**PROMPT**
For this exercise, output the entries below exactly from the line that holds "한국기계전에 참가한 에스제이이는" to the line that holds "A fluid top", both ends included. No pictures belong in the copy.

**MATERIAL PROVIDED**
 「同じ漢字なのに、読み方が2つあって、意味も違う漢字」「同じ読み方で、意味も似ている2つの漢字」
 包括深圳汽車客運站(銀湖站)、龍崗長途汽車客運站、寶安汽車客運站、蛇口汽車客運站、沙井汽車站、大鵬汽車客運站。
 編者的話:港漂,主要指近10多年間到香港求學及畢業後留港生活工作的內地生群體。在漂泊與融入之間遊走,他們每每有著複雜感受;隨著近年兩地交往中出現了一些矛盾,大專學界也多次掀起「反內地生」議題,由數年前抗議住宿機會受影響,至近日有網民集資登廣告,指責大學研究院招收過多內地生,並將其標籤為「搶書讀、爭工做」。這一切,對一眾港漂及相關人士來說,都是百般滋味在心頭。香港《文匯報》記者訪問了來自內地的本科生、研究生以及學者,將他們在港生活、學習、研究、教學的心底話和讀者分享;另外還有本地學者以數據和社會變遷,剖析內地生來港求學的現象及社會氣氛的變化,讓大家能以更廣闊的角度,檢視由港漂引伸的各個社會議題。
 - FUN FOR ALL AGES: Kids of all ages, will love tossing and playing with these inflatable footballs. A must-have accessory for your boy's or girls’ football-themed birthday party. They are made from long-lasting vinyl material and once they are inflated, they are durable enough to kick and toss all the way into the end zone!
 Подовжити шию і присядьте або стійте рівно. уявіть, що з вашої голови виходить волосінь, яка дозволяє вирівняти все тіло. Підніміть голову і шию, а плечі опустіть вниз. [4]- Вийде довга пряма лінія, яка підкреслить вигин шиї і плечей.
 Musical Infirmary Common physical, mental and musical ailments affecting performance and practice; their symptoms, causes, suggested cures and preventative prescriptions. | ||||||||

--

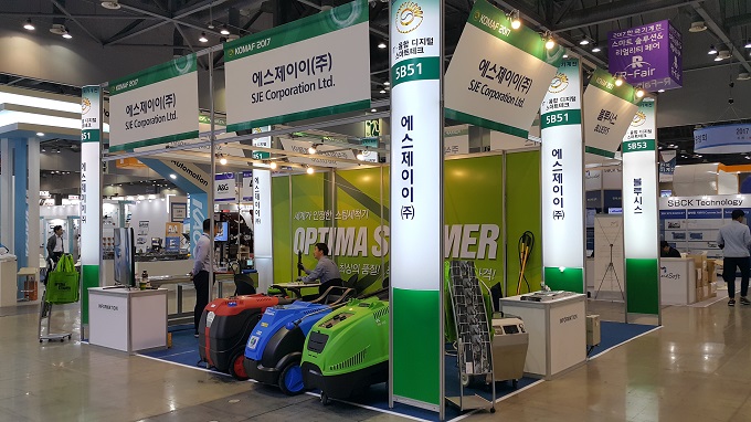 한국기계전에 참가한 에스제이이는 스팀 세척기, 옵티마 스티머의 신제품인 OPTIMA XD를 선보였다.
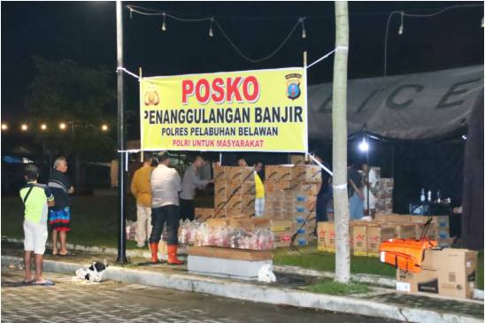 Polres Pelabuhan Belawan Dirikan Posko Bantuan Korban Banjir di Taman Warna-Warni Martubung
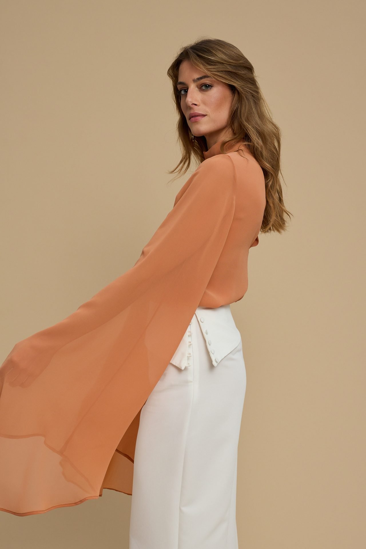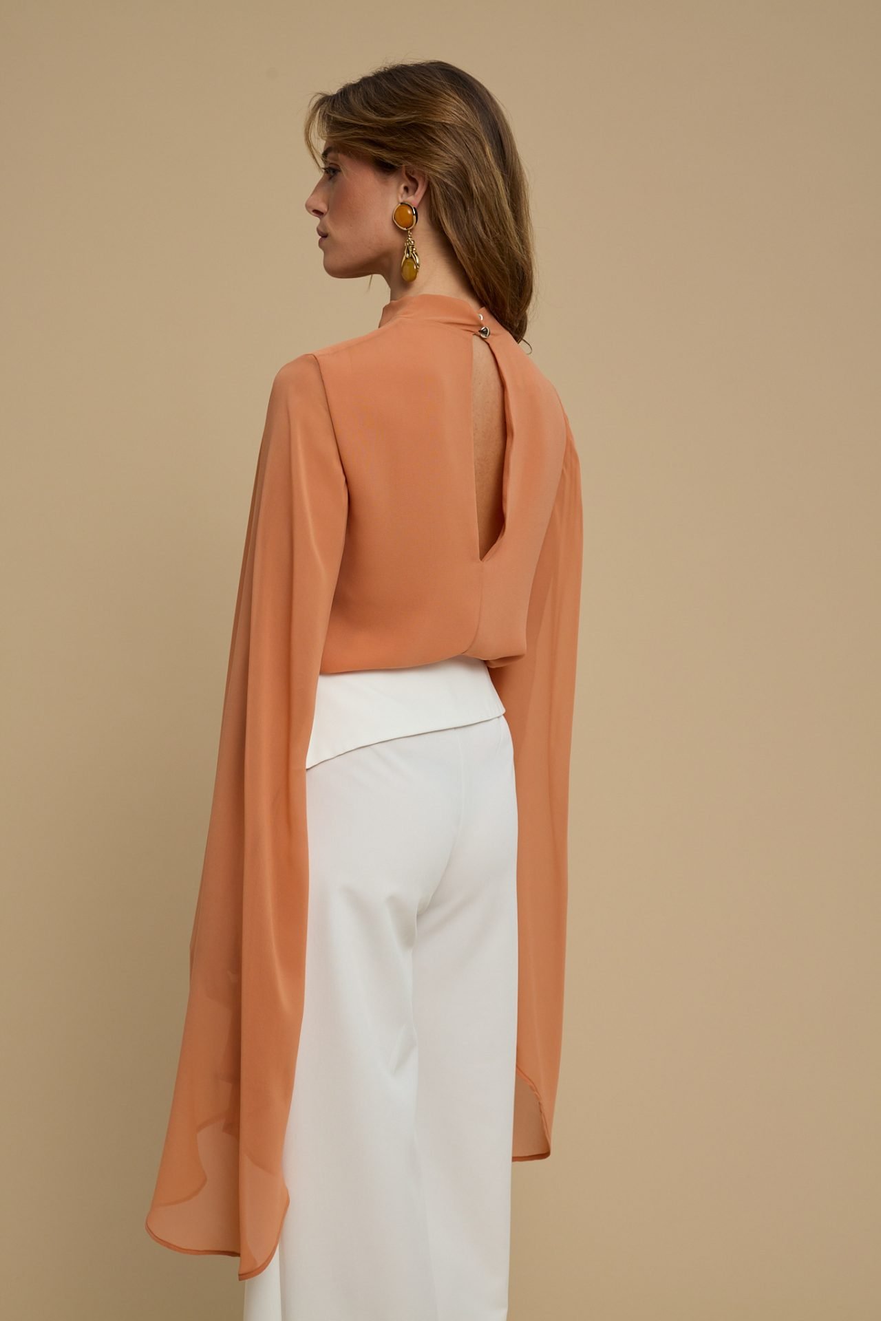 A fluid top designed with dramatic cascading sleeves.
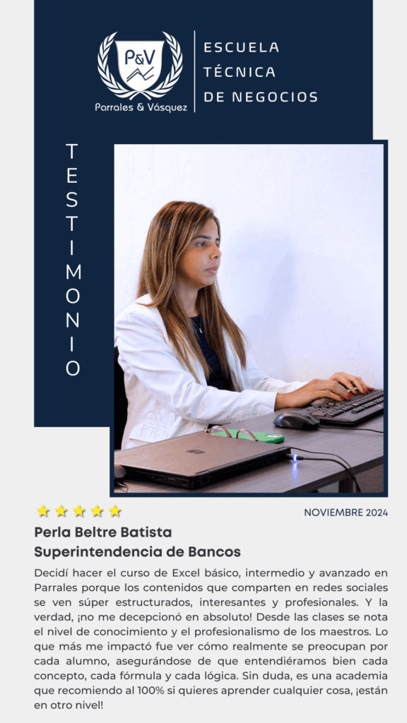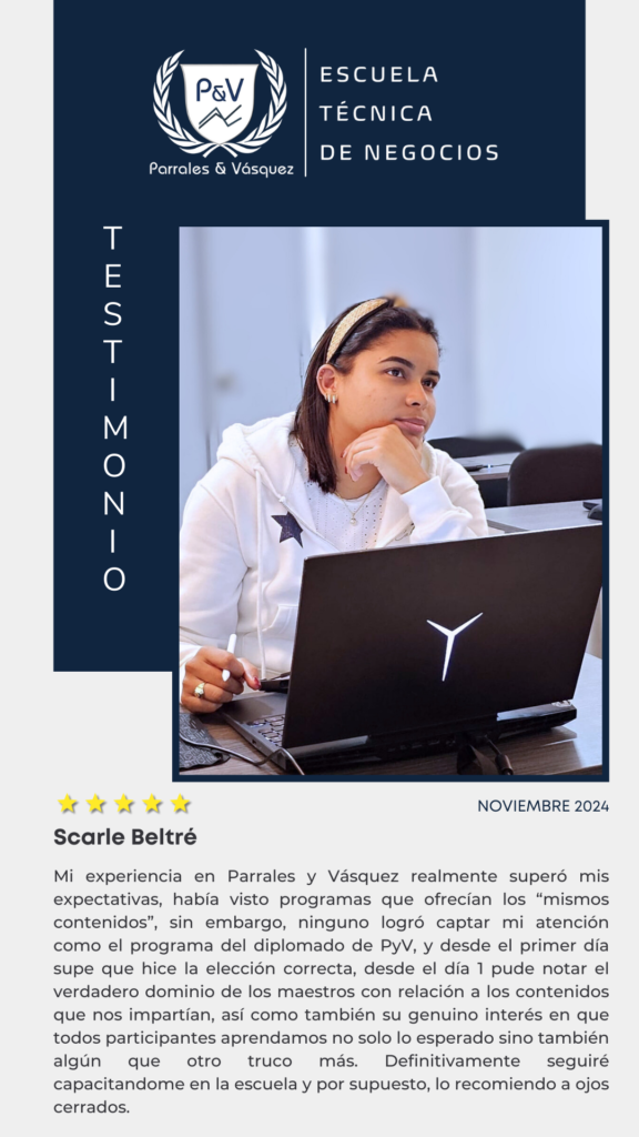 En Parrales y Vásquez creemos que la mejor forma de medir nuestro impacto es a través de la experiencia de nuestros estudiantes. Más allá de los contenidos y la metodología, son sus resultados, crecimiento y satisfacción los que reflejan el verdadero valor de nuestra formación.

**OUTPUT BELOW**
 한국기계전에 참가한 에스제이이는 스팀 세척기, 옵티마 스티머의 신제품인 OPTIMA XD를 선보였다.
 Polres Pelabuhan Belawan Dirikan Posko Bantuan Korban Banjir di Taman Warna-Warni Martubung
 A fluid top designed with dramatic cascading sleeves.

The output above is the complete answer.